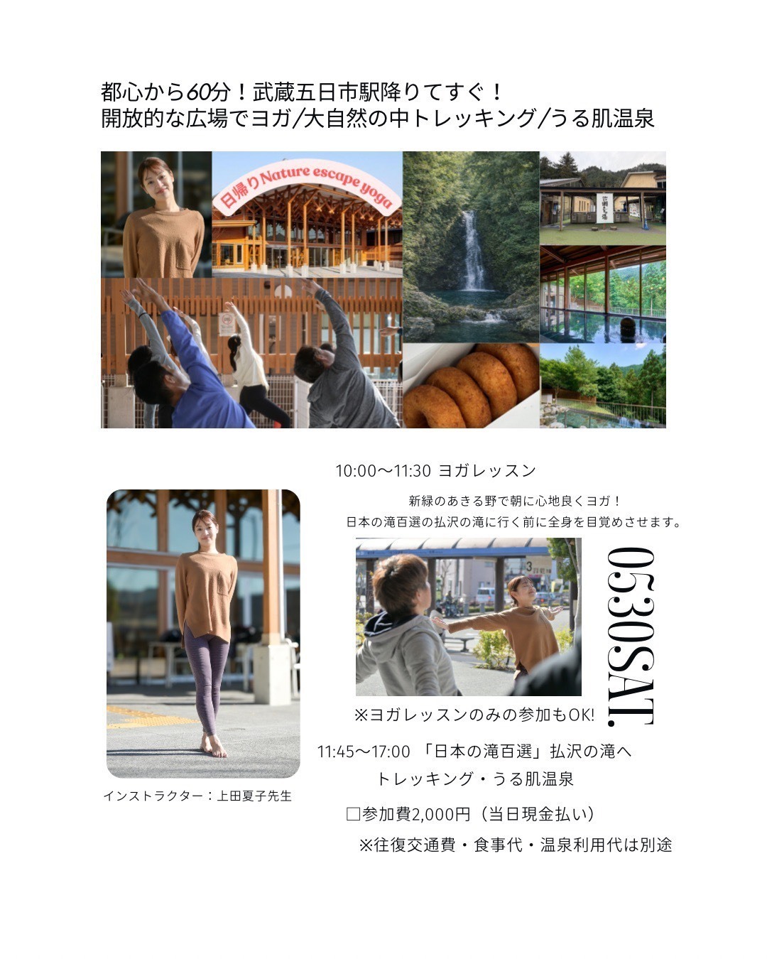 | 令和8年5月30日(土曜日) 〔外のひろば〕 | 日帰りNature Escape ヨガ / 初心者向けトレッキング / うる肌温泉 |
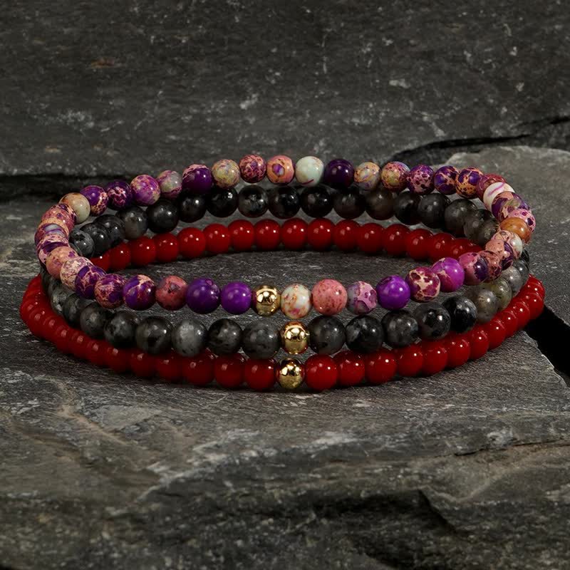 Set di 3 bracciali in quarzo rubino e labradorite Olivenorma
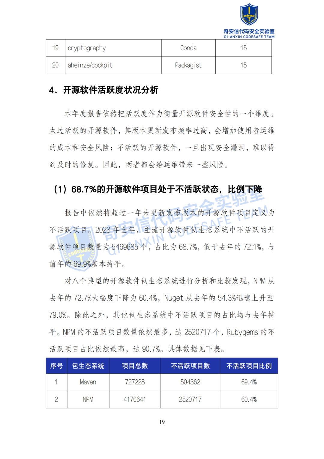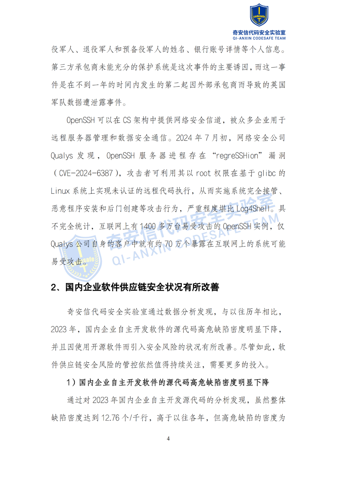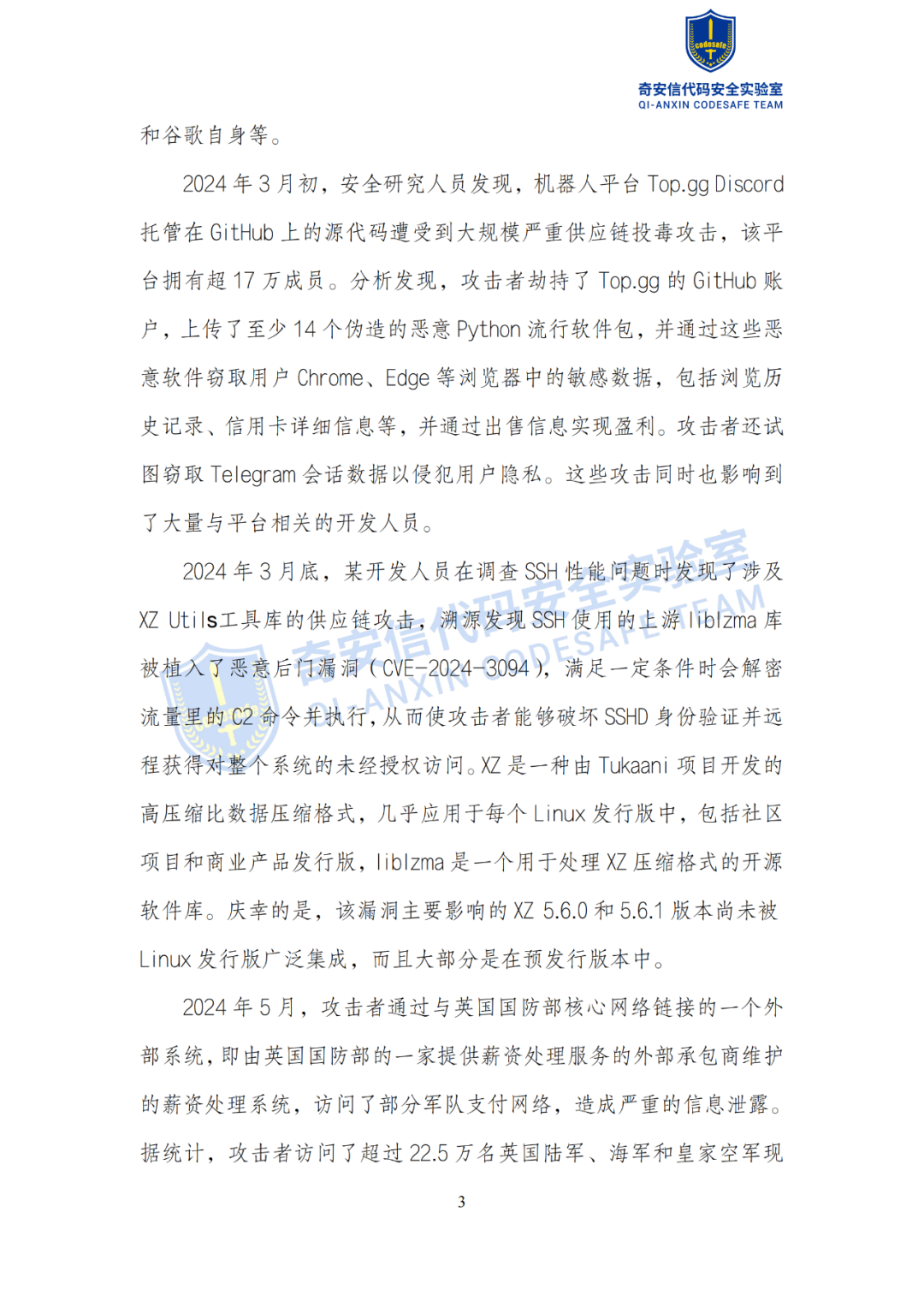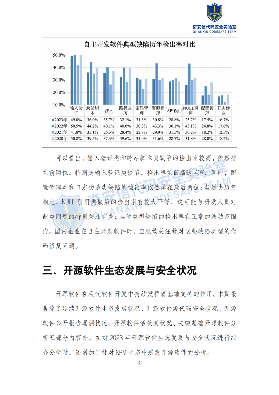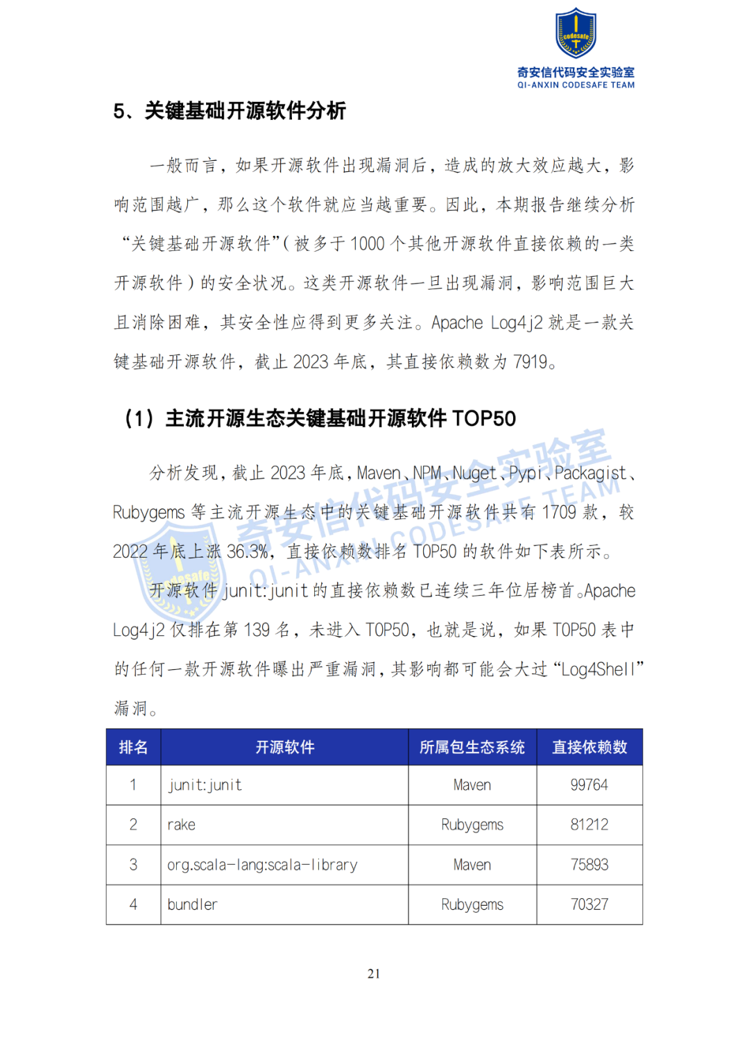 作为本系列年度分析报告的第四期,本报告深入分析了过去一年来代码安全问题对软件供应链安全性的潜在威胁,总结了趋势和变化。与往年报告相比,本期报告在开源软件生态发展与安全部分新增了对NPM生态中恶意开源软件分析的内容;并通过多个实例再次验证了“外来”组件“老漏洞”发挥“0day漏洞”攻击作用的状况。感兴趣的读者可重点关注。
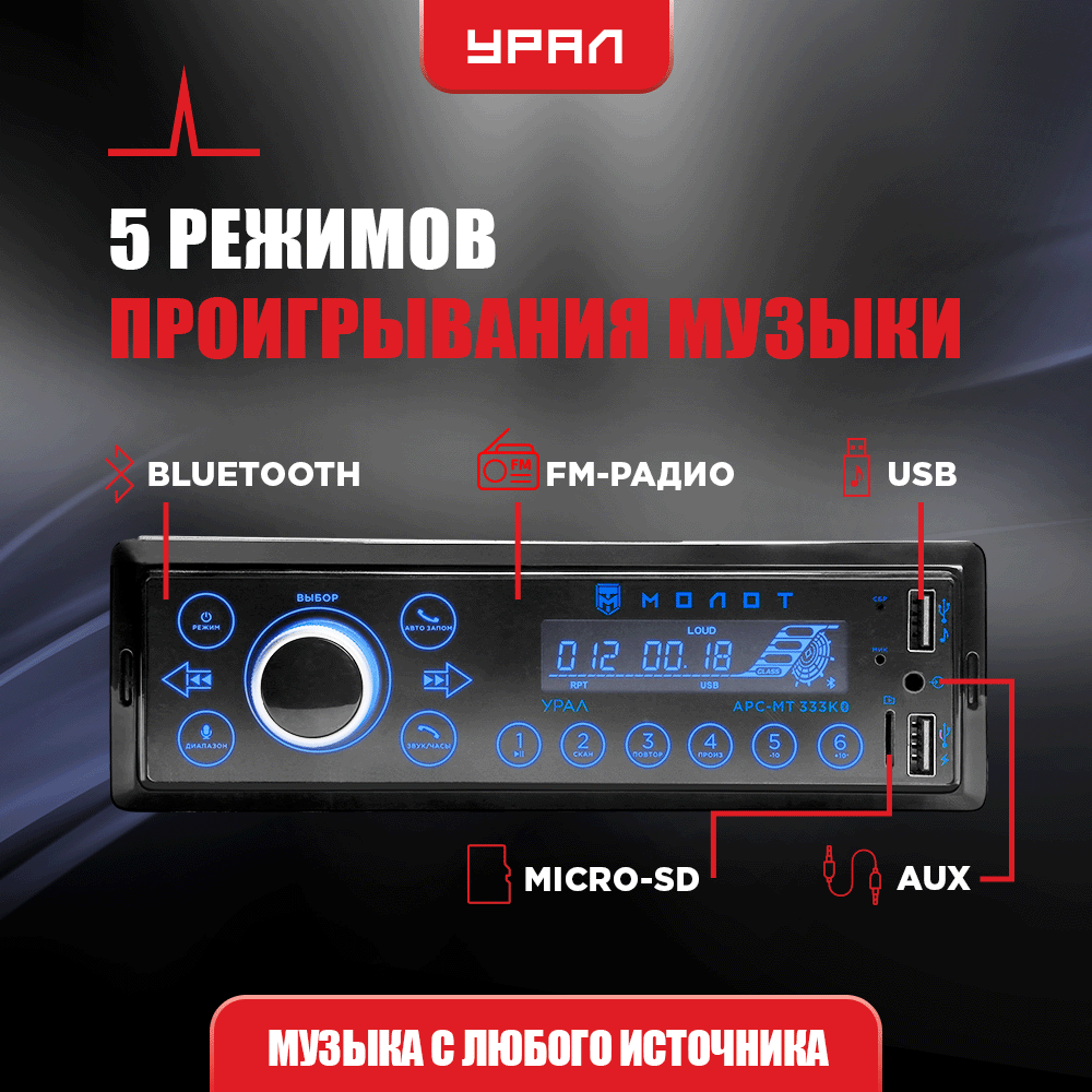 Автомагнитола Ural урал молот АРС-МТ 333К
---
Would you please copy the listing exactly, omitting every picture?

Your solution —
 | 令和8年5月30日(土曜日) 〔外のひろば〕 | 日帰りNature Escape ヨガ / 初心者向けトレッキング / うる肌温泉 |
 Set di 3 bracciali in quarzo rubino e labradorite Olivenorma
 作为本系列年度分析报告的第四期,本报告深入分析了过去一年来代码安全问题对软件供应链安全性的潜在威胁,总结了趋势和变化。与往年报告相比,本期报告在开源软件生态发展与安全部分新增了对NPM生态中恶意开源软件分析的内容;并通过多个实例再次验证了“外来”组件“老漏洞”发挥“0day漏洞”攻击作用的状况。感兴趣的读者可重点关注。
 Автомагнитола Ural урал молот АРС-МТ 333К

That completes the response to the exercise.